Dinard Catat Rekor Turis, Penjualan Vila Mewah 150.000 Euro Diprotes
DINARD, PATOKAN.COM — Musim panas tahun ini menjadi musim yang penuh paradoks bagi Prancis. Di tengah gelombang panas ekstrem, kebakaran hutan yang melanda
DINARD, PATOKAN.COM — Musim panas tahun ini menjadi musim yang penuh paradoks bagi Prancis. Di tengah gelombang panas ekstrem, kebakaran hutan yang melanda sejumlah kawasan, dan inflasi yang menggerus daya beli masyarakat, kota pesisir Dinard di kawasan Bretagne justru mencatat musim pariwisata yang luar biasa. Keramaian di kota kecil itu bahkan disebut-sebut telah setara dengan Saint-Tropez, destinasi mewah di pesisir selatan Prancis yang terkenal dengan kapal pesiar dan para selebritasnya.
Namun di balik hiruk-pikuk musim liburan yang menggembirakan itu, Dinard juga diguncang kontroversi. Pemerintah kota menjual sebuah vila mewah seluas 700 meter persegi yang berstatus bangunan terklasifikasi hanya dengan harga 150.000 euro. Angka itu berarti nilai jualnya cuma sekitar 214 euro per meter persegi — jauh di bawah harga lazim properti di kota pesisir bergengsi tersebut. Seorang anggota dewan dari kubu oposisi kini resmi meminta Prefek Ille-et-Vilaine memeriksa legalitas penjualan itu, sementara kelompok politik lain di dewan kota dikabarkan tengah menyiapkan langkah serupa.

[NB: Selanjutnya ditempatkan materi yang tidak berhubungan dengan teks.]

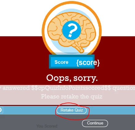 The first attempt, the variable works fine. However, I noticed that even after clicking the retake button, cpQuizInfoPointsscored retains the points of first quiz attempt.
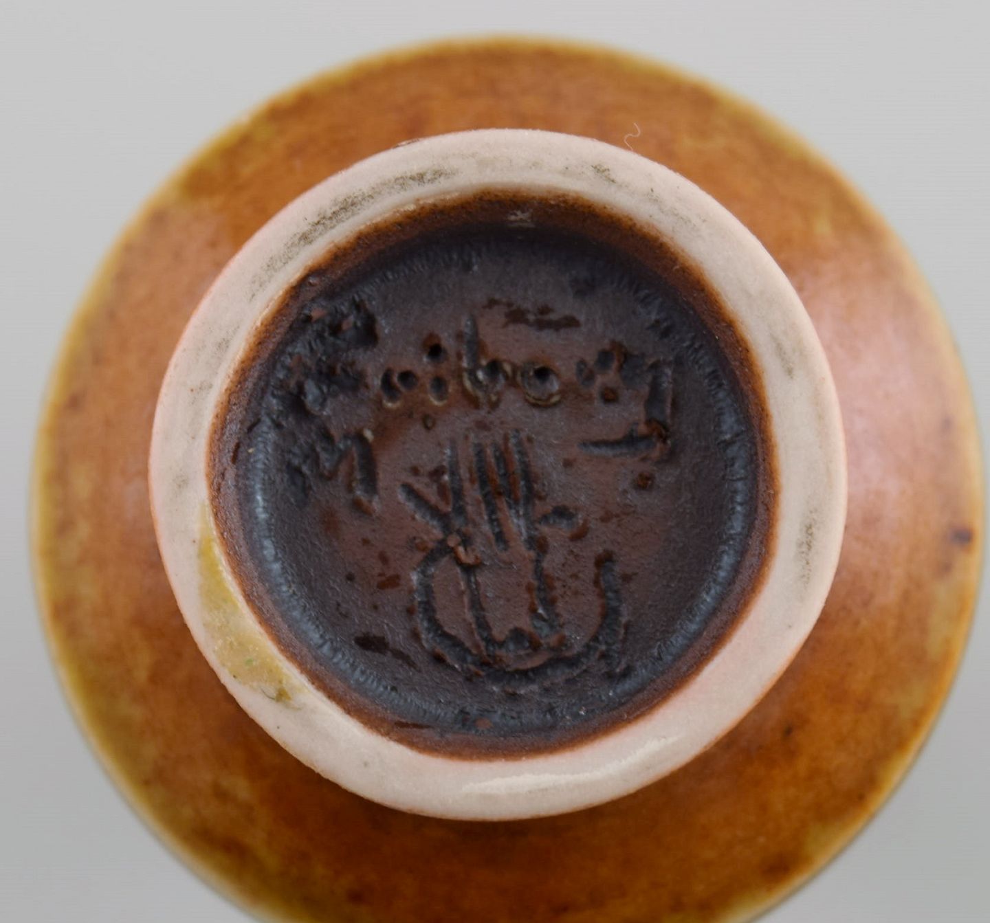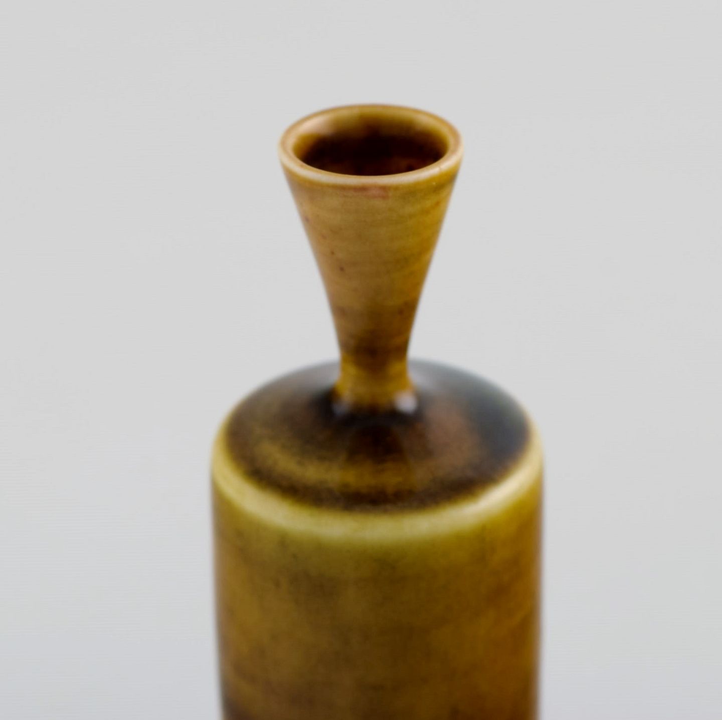 Berndt Friberg (1899-1981) for Gustavsberg Studiohand. Miniature vase i glaseret keramik. Dateret 1971. Måler: 9,5 x 3,5 cm. I flot stand. Signeret.

Musim Panas Penuh Tekanan: Panas Ekstrem, Kebakaran, dan Inflasi
Musim liburan tahun ini di Prancis berlangsung di bawah tekanan besar. Gelombang panas berkepanjangan, yang dikenal dengan istilah canicule, melanda sebagian besar wilayah dan memaksa pemerintah mengeluarkan peringatan kesehatan berulang kali. Kebakaran hutan juga melanda sejumlah kawasan, terutama di wilayah selatan yang selama ini menjadi tujuan liburan favorit warga Prancis. Sementara itu, inflasi yang masih tinggi membuat ongkos perjalanan, akomodasi, dan konsumsi selama liburan menjadi semakin mahal.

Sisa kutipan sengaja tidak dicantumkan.